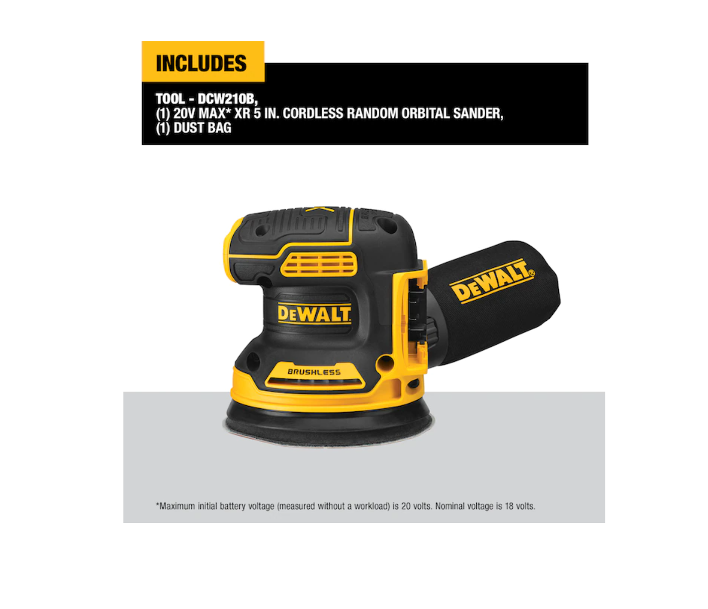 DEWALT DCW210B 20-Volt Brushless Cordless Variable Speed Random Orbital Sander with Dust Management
------------------------------------
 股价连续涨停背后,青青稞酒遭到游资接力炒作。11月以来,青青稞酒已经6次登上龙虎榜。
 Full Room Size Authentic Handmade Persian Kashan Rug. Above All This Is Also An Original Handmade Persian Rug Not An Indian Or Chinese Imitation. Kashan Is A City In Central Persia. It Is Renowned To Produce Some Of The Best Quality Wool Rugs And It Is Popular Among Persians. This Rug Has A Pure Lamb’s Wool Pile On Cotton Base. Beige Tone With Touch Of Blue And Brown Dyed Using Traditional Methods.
------------------------------------
Task brief >>
Out of the material above, output word for word the line with "股价连续涨停背后,青青稞酒遭", the line with "Full Room Size", and all lines between them, with nothing else.

Problem solution >>
 股价连续涨停背后,青青稞酒遭到游资接力炒作。11月以来,青青稞酒已经6次登上龙虎榜。
 Full Room Size Authentic Handmade Persian Kashan Rug. Above All This Is Also An Original Handmade Persian Rug Not An Indian Or Chinese Imitation. Kashan Is A City In Central Persia. It Is Renowned To Produce Some Of The Best Quality Wool Rugs And It Is Popular Among Persians. This Rug Has A Pure Lamb’s Wool Pile On Cotton Base. Beige Tone With Touch Of Blue And Brown Dyed Using Traditional Methods.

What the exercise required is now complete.